Tax-and-Spend Pressure Builds Inexorably

by James A. Bacon

There are two items in the news today indicating that pressure for more spending and taxes will be remorseless in the 2019 General Assembly session: (1) The Virginia Retirement System board of trustees has lowered the expected rate of return on its $82.3 billion investment portfolio, requiring $215.6 million-per-year additional contributions from state and local governments, and (2) the Virginia Board of Education has approved changes to the Standards of Quality for Virginia public schools that would require $950 million more in state support to meet. And that doesn’t include increased demands from Medicaid, the program that ate Virginia’s budget; higher education where state support is the only thing restraining runaway tuition increases; or more money to meet the state’s burgeoning mental health needs.

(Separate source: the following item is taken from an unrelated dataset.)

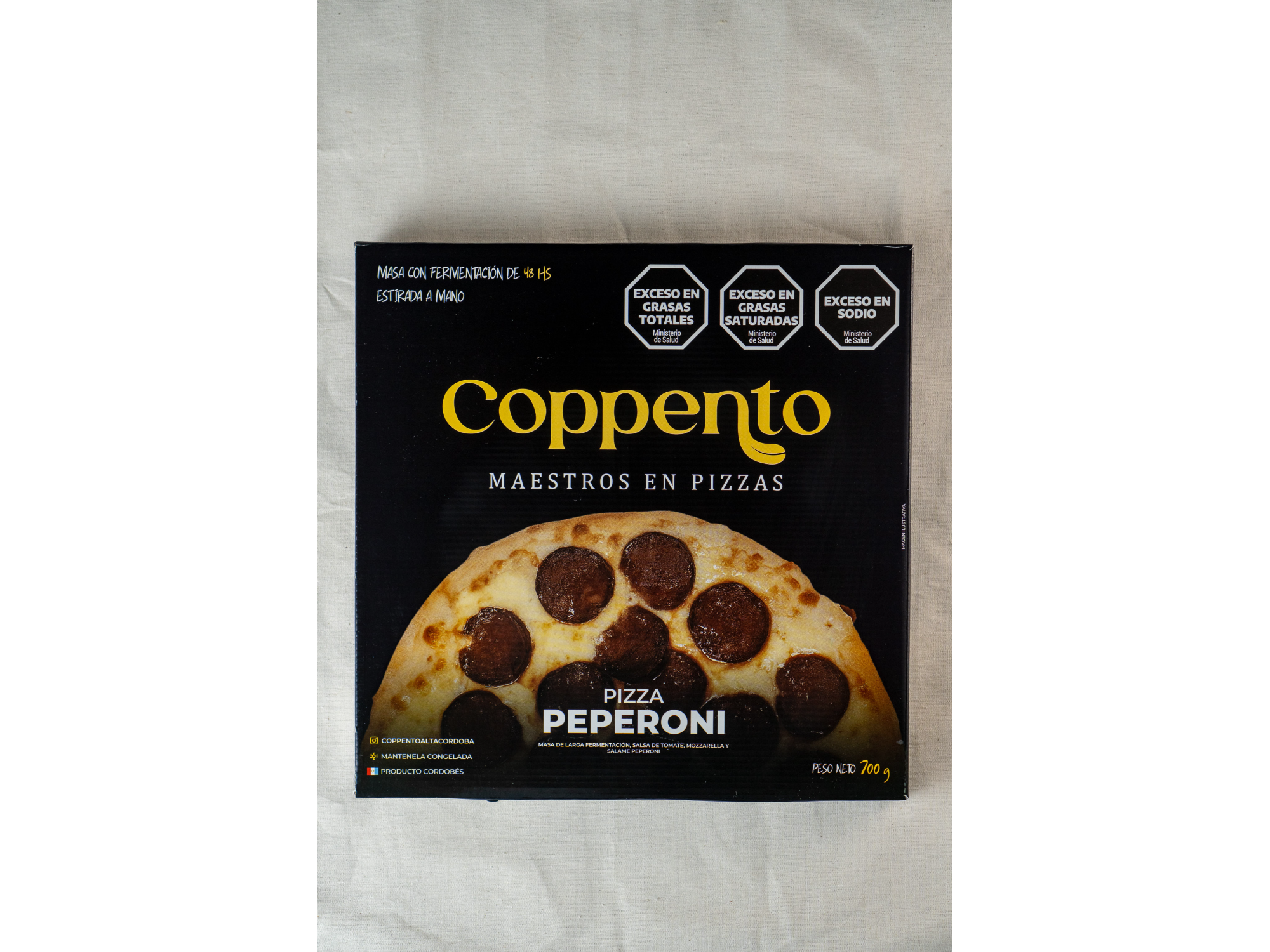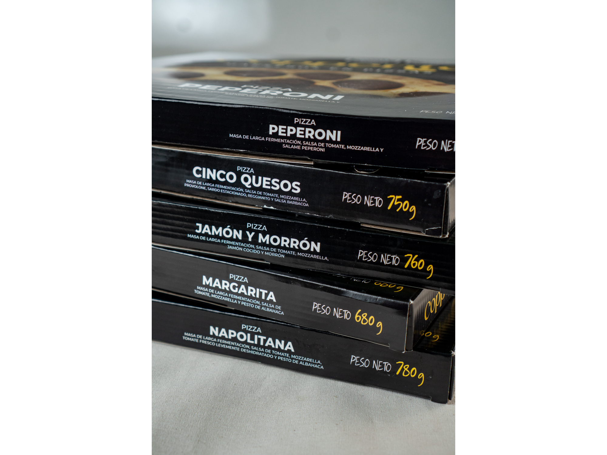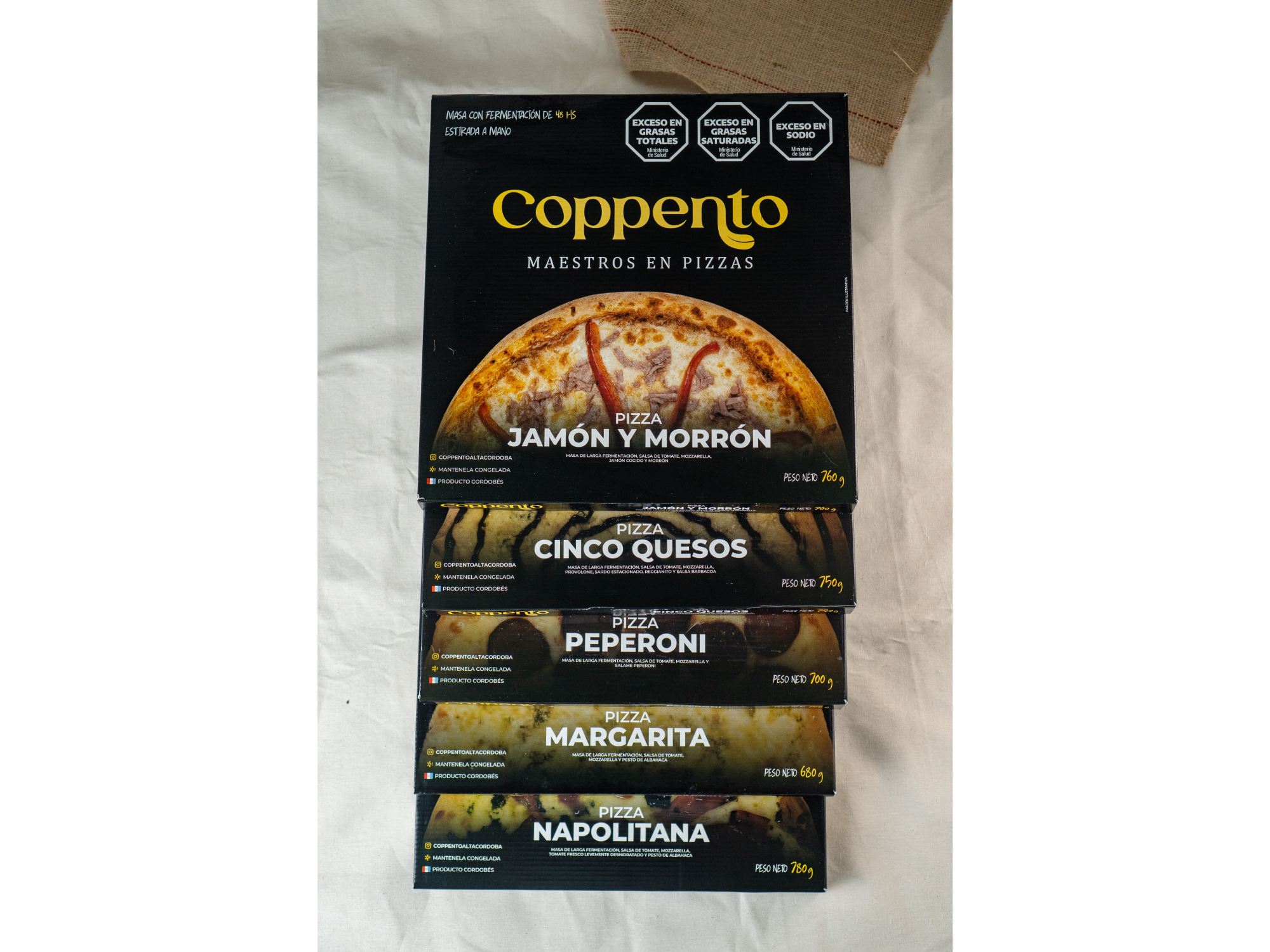 Pizzas congeladas para compartir Compartir por WhatsApp Copiar enlace Pizza de 48 hs de fermentación, hechas con un blend de harina orgánica y de fuerza Campodónico. Salsa de tomate orgánico y mozzarella Orcoví. Presentaciones Seleccioná las opciones que quieras.Napolitana Ingredientes: Salsa de tomate, queso mozzarella, tomates y pesto de albahaca. $9.500Peperoni Ingredientes: Salsa de tomate, queso mozzarella y peperoni. $9.900Margarita Ingredientes: Salsa de tomate, queso mozzarella, blend de quesos duros (reggianito y sardo estacionado) y espiral de pesto de albahaca. $8.700Cinco Quesos Ingredientes: Queso mozzarella, queso provolone, queso azul, queso reggianito, queso sardo estacionado y salsa Frida. $9.500Jamón y morrón Ingredientes: Queso mozzarrella, jamón cocido y morrón. $9.500 Observaciones 0 / 150

First, the VRS. Last year the retirement system for public-employee and teacher pensions earned a 6.7% return on investment: not shabby but below the 7% assumption used to calculate contributions from state and local governments. In recognition of poorer investment prospects in an era of super-low interest rates, the board reduced its assumed rate of return to 6.75%. To make up the difference, state and local governments will have to contribute $215.6 million a year more during the two years of the next Biennial budget, reports the Richmond Times Dispatch.

“I know it’s going to take more money out of the budget, but it’s the right thing to do,” Secretary of Finance Aubrey Layne told the RTD.

Layne’s logic is impeccable. The time to put money into the system is when the economy is growing. A recession may not be imminent, but history says one is inevitable at some point. Investment returns crash during recessions just as state and local tax revenues dry up. The time to fix the problem is now.

Second, the SOQs. The State Board of Education unanimously approved changes to the Standards of Quality (SOQs) which set standards for inputs into public school systems such as teacher-student ratios, staff support, and the like. The state is required to revise these standards periodically, and in this round the BOE says that $950 million yearly in state support will be needed to fund more reading teachers, smaller class sizes, and more money for schools with large percentages of poor kids. While the General Assembly has not always fully funded the SOQs, the new, more expensive standards will put intense pressure on the legislature to increase spending.

Meanwhile, increased Medicaid spending is on autopilot. Health care costs increase significantly every year, and so does Medicaid spending along with it — and that doesn’t account for continued to tweaks that inevitably expand the scope and cost of the program. Among other challenges, the General Assembly, after increasing Medicaid reimbursement rates to hospitals, now must deliver on promises to increase reimbursement rates for physicians to the tune of tens of millions of dollars a year, maybe more.

And let us not forget higher education. By jacking up state support for institutions of higher education for roughly $50 million last year, the General Assembly browbeat Virginia’s universities into not increasing their tuitions. But the ambitions of Virginia’s public universities remain undiminished and cost pressures in higher education are as relentless as ever. The General Assembly will be caught between a rock and a hard place: Increase state support by another eight-digit figure or face the fallout from another round of aggressive tuition increases, which the universities will blame entirely on lawmakers.

Virginia also faces intense pressure to “do something” (which means spend more money) to address the rising incidence of mental illness and opiate addiction. The social problem and the hardships it creates are all too real. I do not under-estimate it one bit. (I’m reading Beth Macey’s book, “Dopesick,” and it’s terrifying.) The solutions are less than obvious, and the predictable (and not illogical) response is to “invest” more money in mental-health and addiction-recovery services. The easiest thing to do is spend more money on more government programs, so that’s what we’ll do.

How will Virginia pay for all this? I know the answer, and so do you. Higher taxes. I’m confident that Northam is trying to figure out right now which tax hikes will go down the easiest. Unless Republicans pull off a miracle upset in November’s elections, Democrats will control the state Senate, the House, and the Governor’s Office. Even if the GOP does defy predictions, Republicans don’t have the intellectual firepower to resist. Hide your wallets. A tax hike looks inevitable.